In an about-face, Sausalito Marin City School District trustees
killed a drug-sniffing dog program that critics had assailed as
ill-conceived, clumsily implemented and an assault on students'
rights. District trustees ended the controversial proposal Thursday
night in the same fashion they approved it last November: by a unanimous vote.

"You are never to have these dogs come back for any reason,"
mathematics teacher David Wetzel admonished the board. Wetzel
teaches at Tamalpais High School and at Martin Luther King Jr.
Academy middle school in Marin City, where the dogs were slated for
monthly visits.

His remarks were tinged with emotion, as were those of other
speakers, many of whom since early this year have demanded the board
reverse its decision that would have had Interquest Detection
Canines of Houston perform monthly inspections at a cost of $2,500.

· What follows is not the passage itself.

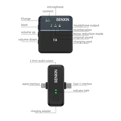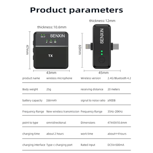 - بطارية مدمجة عالية السعة 300 mAh في الميكروفون، 6-10 ساعات من الاستخدام. باستخدام ميكروفون متعدد الاتجاهات وتقنية نقل 2.4 جيجاهرتز، زمن استجابة منخفض، مضاد قوي للتداخل، يمكن أن يكون نقلًا ثابتًا ومتزامنًا لما يصل إلى 20 مترًا (65 قدم) من المحتوى الصوتي الواضح (بدون عوائق)، في البيئة الخارجية الصاخبة، ولكن أيضًا بزاوية 360 درجة بدون زاوية ميتة وراديو واضح. لا تدع للذهاب من كل تفاصيل الصوت.

District spokesman Martin Brown said the money, under terms of the
contract, already has been paid to the Houston firm.

Wetzel said the board would have been better served had the district
employed community members "who could use the money" to inspect the
campus for signs of drug use, such as a syringe Trustee Tom Clark
said he found on the outskirts of the six-acre campus.

"If a child had fallen on the syringe," said Clark prior to Wetzel's
remarks, "(the child) could have died of AIDS."

Because of this, Clark's motion to end the dog program was coupled
with another to encourage local law enforcement agencies to more
aggressively enforce state laws and prosecute anyone caught using
drugs within 1,000 feet of a school.

Trustee Whitney Hoyt summed up the sentiment of many, saying she
agreed with comments during the meeting that "sniffing doesn't educate."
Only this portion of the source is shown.